[ClusterLabs] Stonith configuration

Fri Feb 14 09:44:53 EST 2020

Hi Strahil,
corosync-cfgtool -s
Printing ring status.
Local node ID 1
RING ID 0
 	id	= 172.17.150.20
 	status	= ring 0 active with no faults
RING ID 1
 	id	= 10.0.6.20
 	status	= ring 1 active with no faults

corosync-quorumtool -s
Quorum information
------------------
Date:             Fri Feb 14 14:41:11 2020
Quorum provider:  corosync_votequorum
Nodes:            2
Node ID:          1
Ring ID:          1/96
Quorate:          Yes

Votequorum information
----------------------
Expected votes:   2
Highest expected: 2
Total votes:      2
Quorum:           1
Flags:            2Node Quorate WaitForAll

Membership information
----------------------
     Nodeid      Votes Name
          1          1 node1.primary.network (local)
          2          1 node2.primary.network

On the surviving node, the 10.0.6.21 interface flipflopped (though nothing 
detected on the other node), and that is what started it all off.
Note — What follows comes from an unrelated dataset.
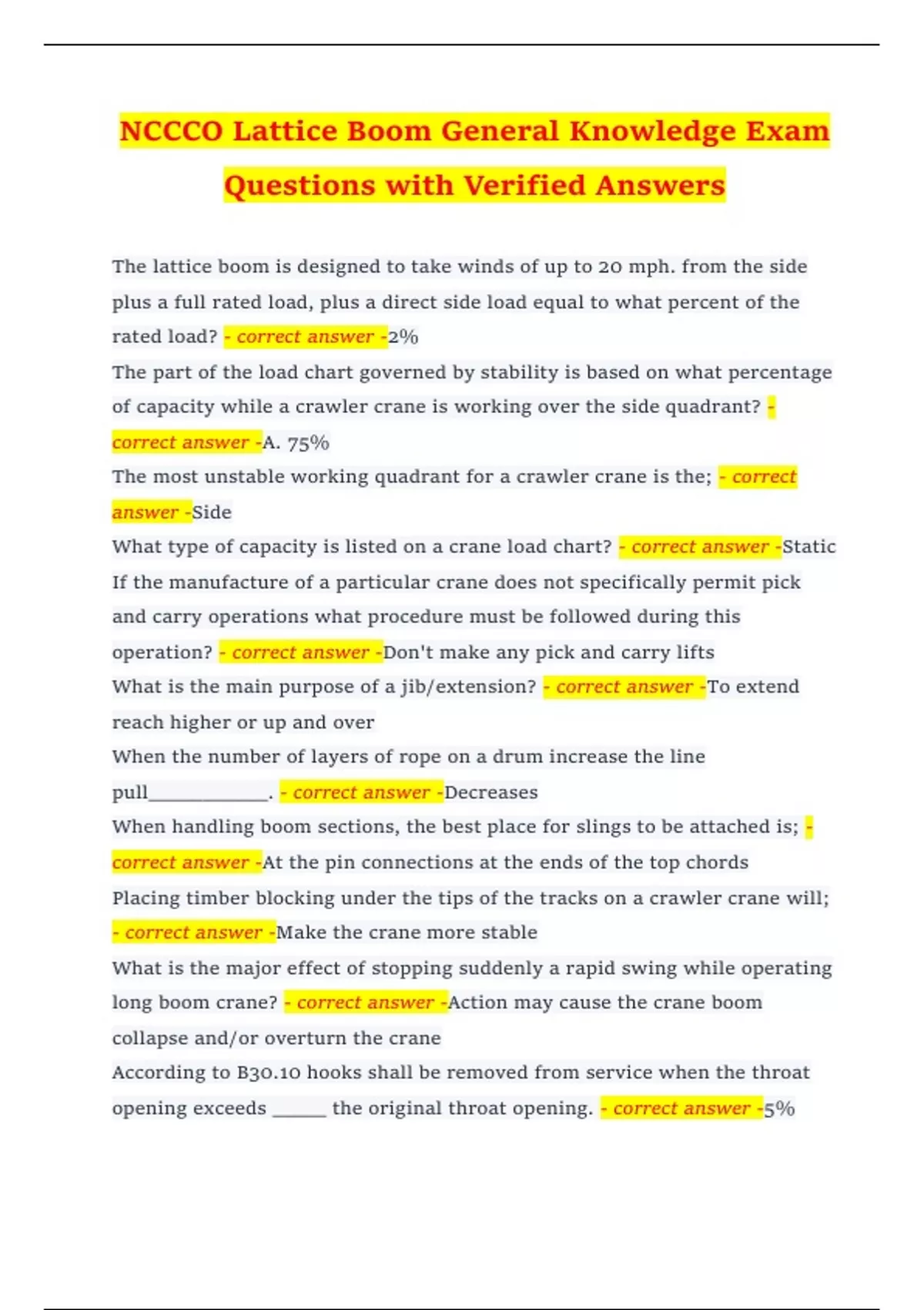What type of capacity is listed on a crane load chart? - correct answer -Static

We have no firewall running.

Cheers,
Alastair.

On Fri, 14 Feb 2020, Strahil Nikolov wrote:

> On February 14, 2020 12:41:58 PM GMT+02:00, "BASDEN, ALASTAIR G." <a.g.basden at durham.ac.uk> wrote:
>> Hi,
>> I wonder whether anyone could give me some advice about a stonith
>> configuration.
>>
>> We have 2 nodes, which form a HA cluster.
>>
>> These have 3 networks:
>> A generic network over which they are accessed (eg ssh)
>> (node1.primary.network, node2.primary.network)
>> A directly connected cable between them (10.0.6.20, 10.0.6.21).
>> A management network, on which ipmi is (172.16.150.20, 172.16.150.21)
>>
>> We have done:
>> pcs cluster setup --name hacluster node1.primary.network,10.0.6.20
>> node2.primary.network,10.0.6.21 --token 20000
>> pcs cluster start --all
>> pcs property set no-quorum-policy=ignore
>> pcs property set stonith-enabled=true
>> pcs property set symmetric-cluster=true
>> pcs stonith create node1_ipmi fence_ipmilan ipaddr="172.16.150.20"
>> lanplus=true login="root" passwd="password"
>> pcmk_host_list="node1.primary.network" power_wait=10
>> pcs stonith create node2_ipmi fence_ipmilan ipaddr="172.16.150.21"
>> lanplus=true login="root" passwd="password"
>> pcmk_host_list="node2.primary.network" power_wait=10
>>
>> /etc/corosync/corosync.conf has:
>> totem {
>>     version: 2
>>     cluster_name: hacluster
>>     secauth: off
>>     transport: udpu
>>     rrp_mode: passive
>>     token: 20000
>> }
>>
>> nodelist {
>>     node {
>>         ring0_addr: node1.primary.network
>>         ring1_addr: 10.0.6.20
>>         nodeid: 1
>>     }
>>
>>     node {
>>         ring0_addr: node2.primary.network
>>         ring1_addr: 10.0.6.21
>>          nodeid: 2
>>     }
>> }
>>
>> quorum {
>>     provider: corosync_votequorum
>>     two_node: 1
>> }
>>
>> logging {
>>     to_logfile: yes
>>     logfile: /var/log/cluster/corosync.log
>>     to_syslog: no
>> }
>>
>>
>> What I find is that if there is a problem with the directly connected
>> cable, the nodes stonith each other, even though the generic network is
>>
>> fine.
>>
>> What I would expect is that they would only shoot each other when both
>> networks are down (generic and directly connected).
>>
>> Any ideas?
>>
>> Thanks,
>> Alastair.
>> _______________________________________________
>> Manage your subscription:
>> https://lists.clusterlabs.org/mailman/listinfo/users
>>
>> ClusterLabs home: https://www.clusterlabs.org/
>
> What is  the output of :
> corosync-cfgtool -s
> corosync-quorumtool -s
>
> Also check the logs of the suvived node for clues.
>
> What about firewall ?
> Have you enabled 'high-availability' service on firewalld on all zones for your interfaces ?
>
> Best Regards,
> Strahil Nikolov
>
>